WHAT TO PRODUCE: A faithful transcription of all the data, images excluded, is the required answer.

DATA BLOCK:
####################

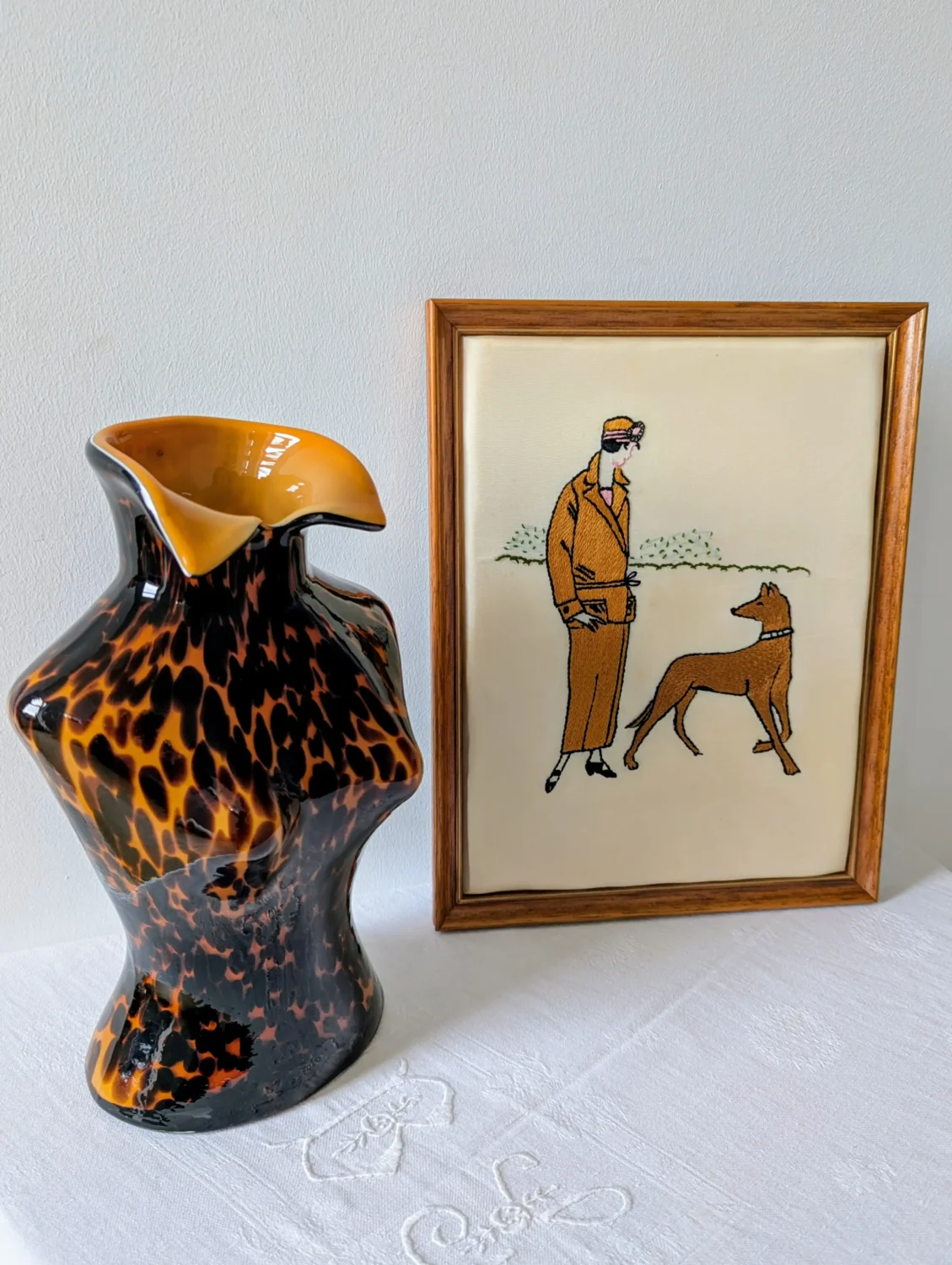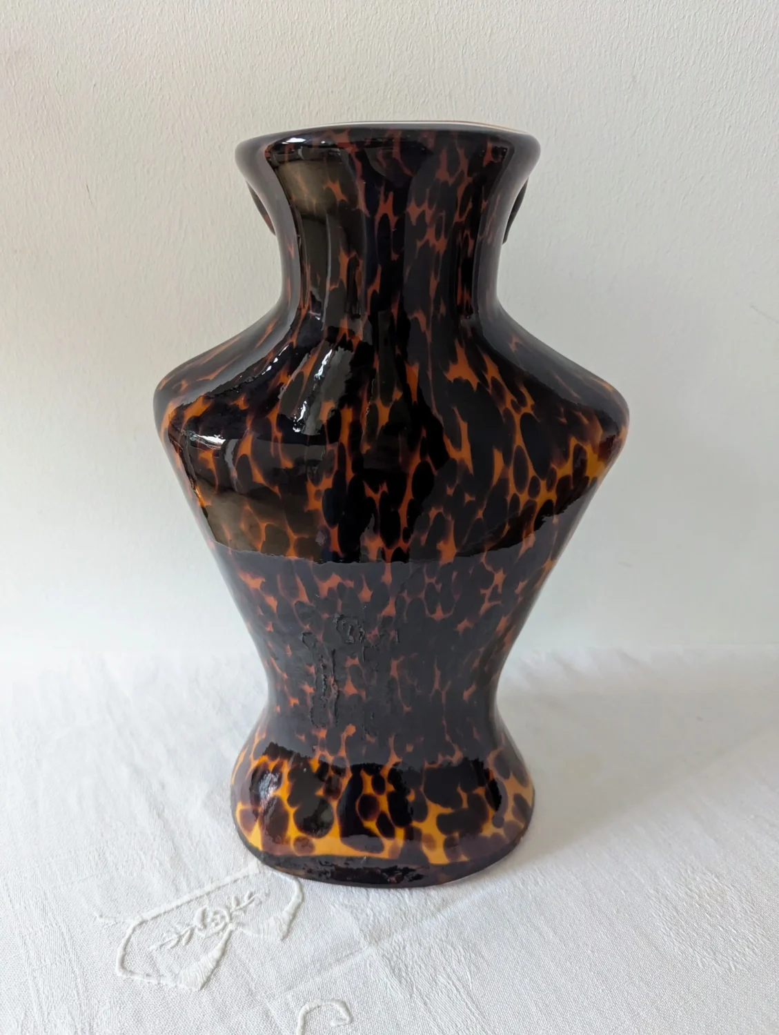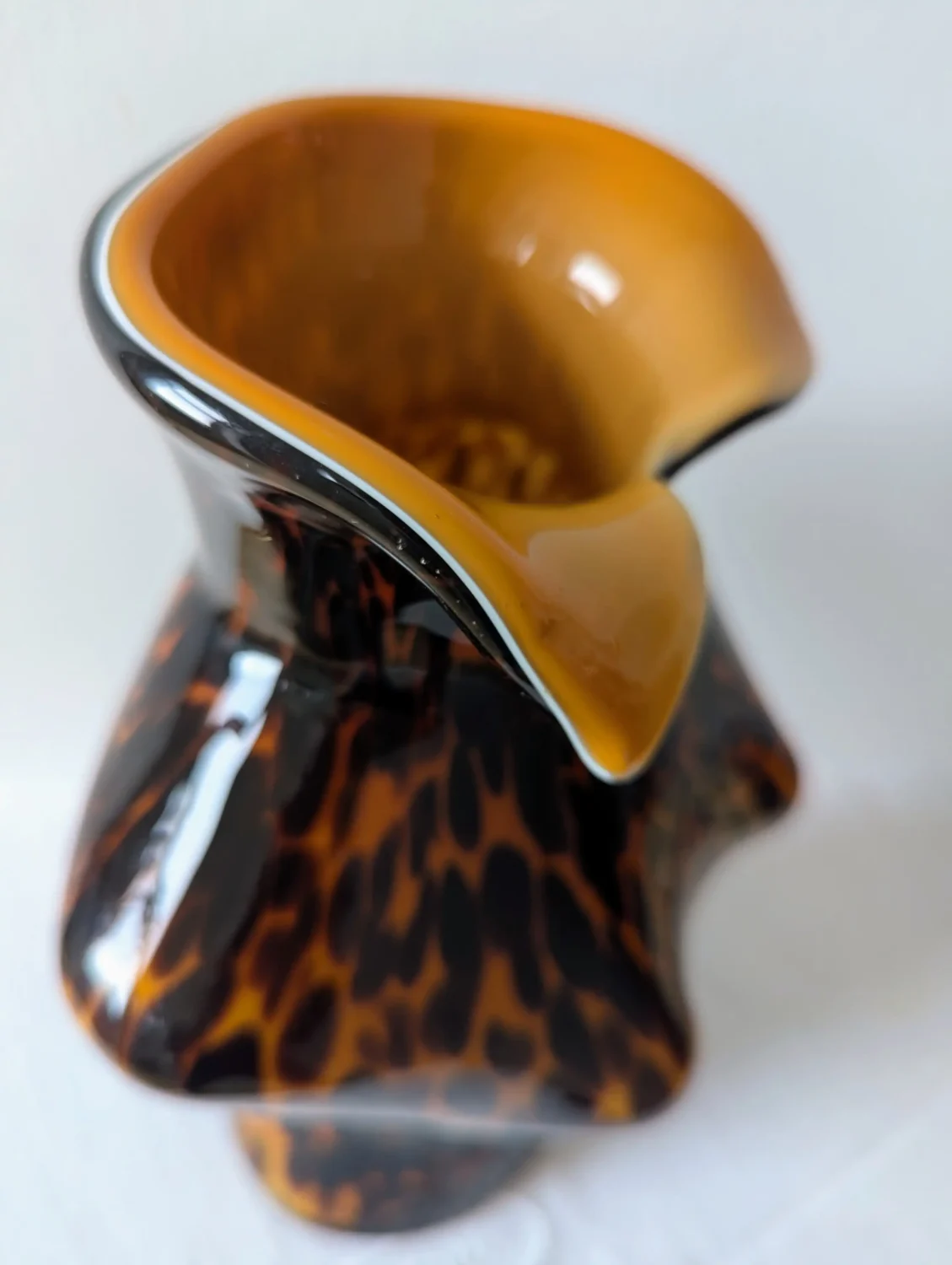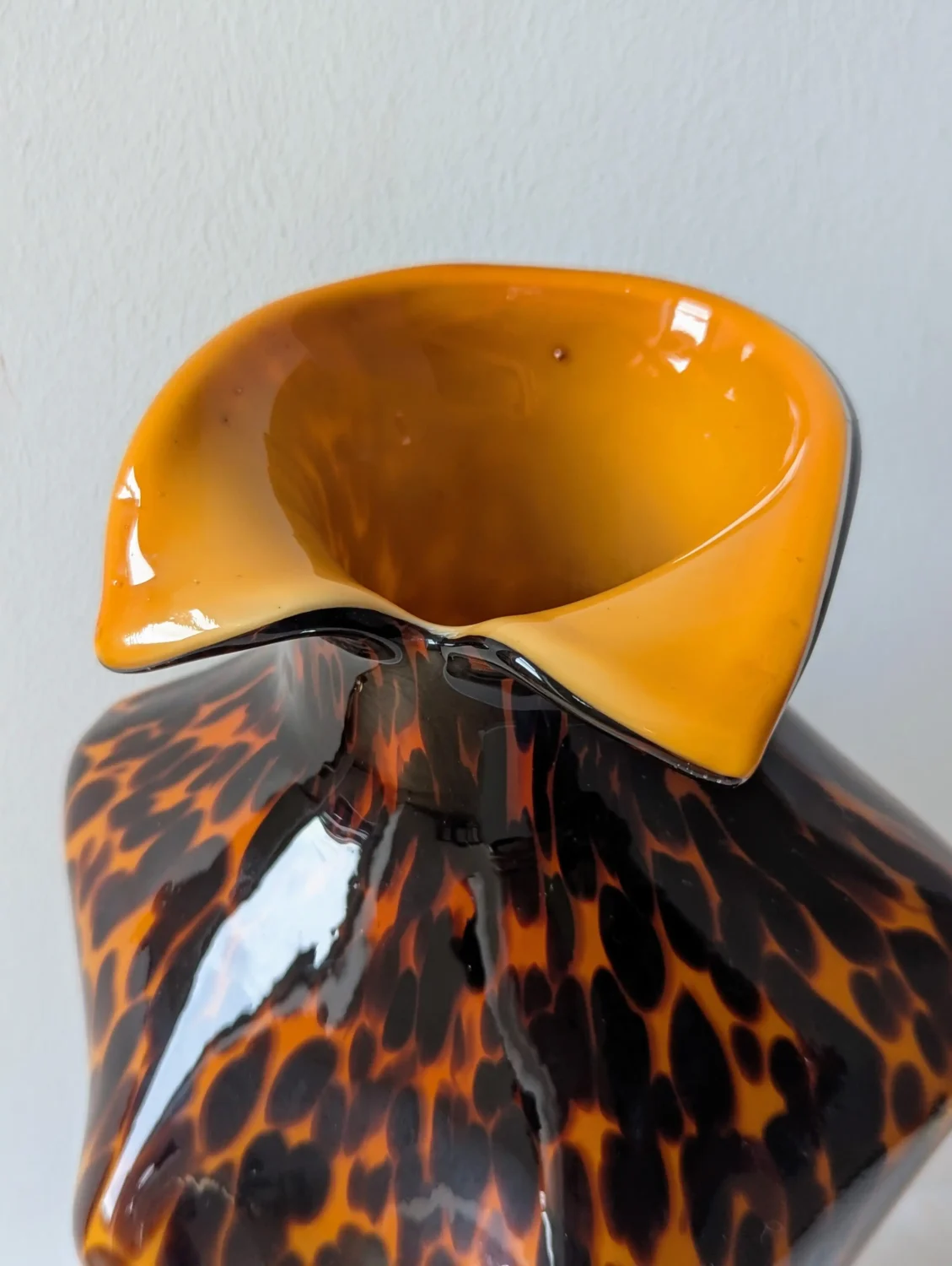 Ce vase sculptural style Murano attire le regard par sa silhouette organique et son motif léopard d’un brun profond mêlé d’éclats ambrés. Entièrement réalisé en verre moulé, il présente des lignes libres et sensuelles, évoquant un buste féminin stylisé. Sa texture brillante et son dégradé chaleureux en font une pièce déco forte, à la fois moderne et vintage.
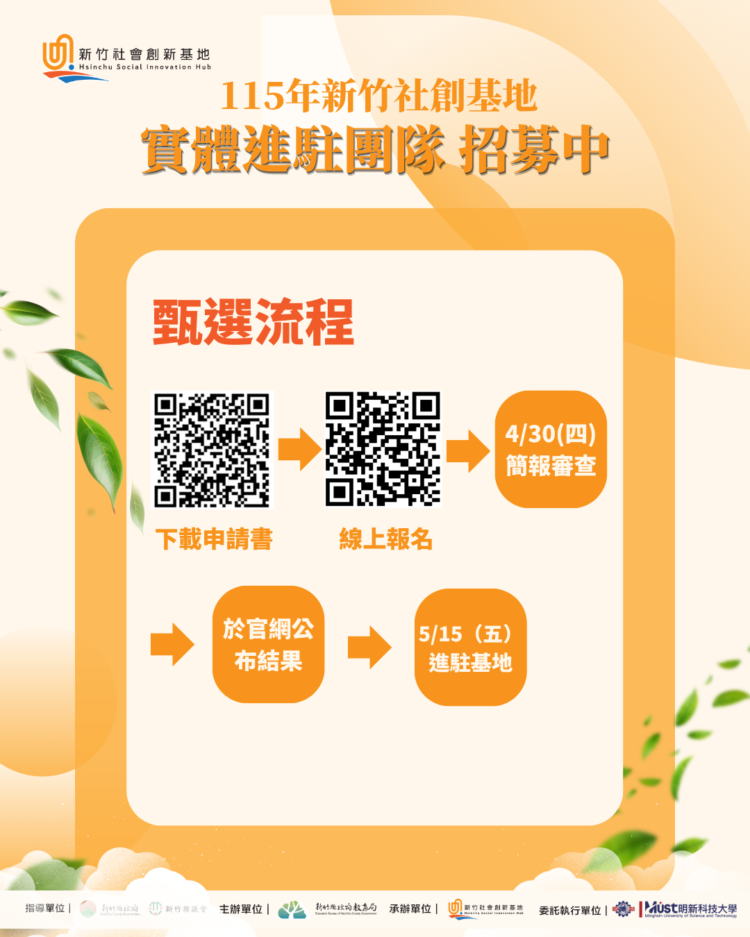 新竹縣政府長期致力於推動青年創新創業,114年於本縣同心樓(身心障礙綜合福利服務中心)3樓成立「新竹社會創新基地Hsinchu Social Innovation Hub」(以下稱本基地),本基地以社會企業及社會創新為發展核心,提供青年創業團隊所需之專業空間、設備資源及經營輔導,期許青年經由本基地營運單位的培植輔導下參與各項社會議題,並以創新方式增進解決社會問題的能力,進一步創造新竹縣永續創業的動能,深化在地經濟與社會影響力。 旨揭招募相關資訊如下: 申請方式統一採線上報名方式辦理,申請網址:https://www.surveycake.com/s/7zP1A。 受理申請收件時間:即日起至115年4月23日(星期四)23時59分止。 簡報審查:115年4月30日(星期四),採視訊會議進行。 公布審查結果及進駐:115年5月5日(星期二)公布審查結果並於5月15日(星期五)開始進駐。 詳情可至新創竹夢資源網( https://hys.hsinchu.gov.tw )或新竹縣政府教育局青年事務科粉絲專頁查詢。
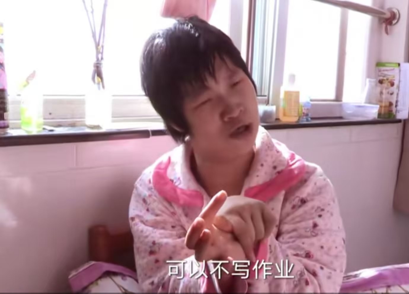 因为她患有脑瘫,先天四肢不协调,生活没有办法自理。
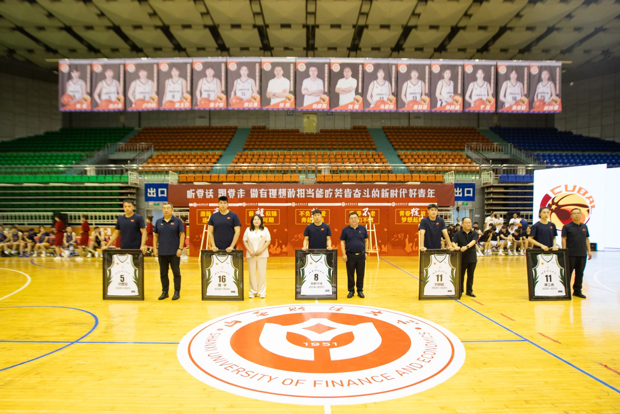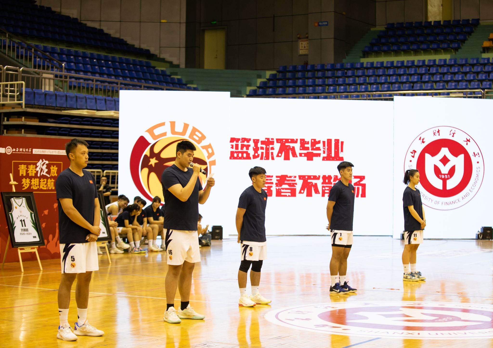在退役环节,退役球员深情表达了对母校的无限眷恋,对教练和队友的依依不舍,并祝愿球队在CUBAL的赛场上取得更高的成就,祝福母校的明天越来越好。现役球员表达了对师哥师姐的无比崇敬,他们立志将把山财篮球精神一代代传承下去,无惧无畏,不断前行,为梦想拼搏,为财大争光。男女篮主教练谷晨旭和付然分别讲述了男女篮的光辉历史,回顾了退役球员在校的一点一滴,他们见证了队员们的成长与荣耀,鼓励队员们将篮球精神转化为事业发展的强大动力,张开双臂迎接崭新的生活。张靳千祥高中教练的神秘登场,让这个叱咤赛场的男篮队长瞬间泪崩,谭立菁父亲在新疆的遥远祝福,触动了这名篮球女将最柔软的心灵,让她更加自信勇敢地面对美好的未来。

####################

SOLUTION TO THE EXERCISE:
 Ce vase sculptural style Murano attire le regard par sa silhouette organique et son motif léopard d’un brun profond mêlé d’éclats ambrés. Entièrement réalisé en verre moulé, il présente des lignes libres et sensuelles, évoquant un buste féminin stylisé. Sa texture brillante et son dégradé chaleureux en font une pièce déco forte, à la fois moderne et vintage.
 新竹縣政府長期致力於推動青年創新創業,114年於本縣同心樓(身心障礙綜合福利服務中心)3樓成立「新竹社會創新基地Hsinchu Social Innovation Hub」(以下稱本基地),本基地以社會企業及社會創新為發展核心,提供青年創業團隊所需之專業空間、設備資源及經營輔導,期許青年經由本基地營運單位的培植輔導下參與各項社會議題,並以創新方式增進解決社會問題的能力,進一步創造新竹縣永續創業的動能,深化在地經濟與社會影響力。 旨揭招募相關資訊如下: 申請方式統一採線上報名方式辦理,申請網址:https://www.surveycake.com/s/7zP1A。 受理申請收件時間:即日起至115年4月23日(星期四)23時59分止。 簡報審查:115年4月30日(星期四),採視訊會議進行。 公布審查結果及進駐:115年5月5日(星期二)公布審查結果並於5月15日(星期五)開始進駐。 詳情可至新創竹夢資源網( https://hys.hsinchu.gov.tw )或新竹縣政府教育局青年事務科粉絲專頁查詢。
 因为她患有脑瘫,先天四肢不协调,生活没有办法自理。
在退役环节,退役球员深情表达了对母校的无限眷恋,对教练和队友的依依不舍,并祝愿球队在CUBAL的赛场上取得更高的成就,祝福母校的明天越来越好。现役球员表达了对师哥师姐的无比崇敬,他们立志将把山财篮球精神一代代传承下去,无惧无畏,不断前行,为梦想拼搏,为财大争光。男女篮主教练谷晨旭和付然分别讲述了男女篮的光辉历史,回顾了退役球员在校的一点一滴,他们见证了队员们的成长与荣耀,鼓励队员们将篮球精神转化为事业发展的强大动力,张开双臂迎接崭新的生活。张靳千祥高中教练的神秘登场,让这个叱咤赛场的男篮队长瞬间泪崩,谭立菁父亲在新疆的遥远祝福,触动了这名篮球女将最柔软的心灵,让她更加自信勇敢地面对美好的未来。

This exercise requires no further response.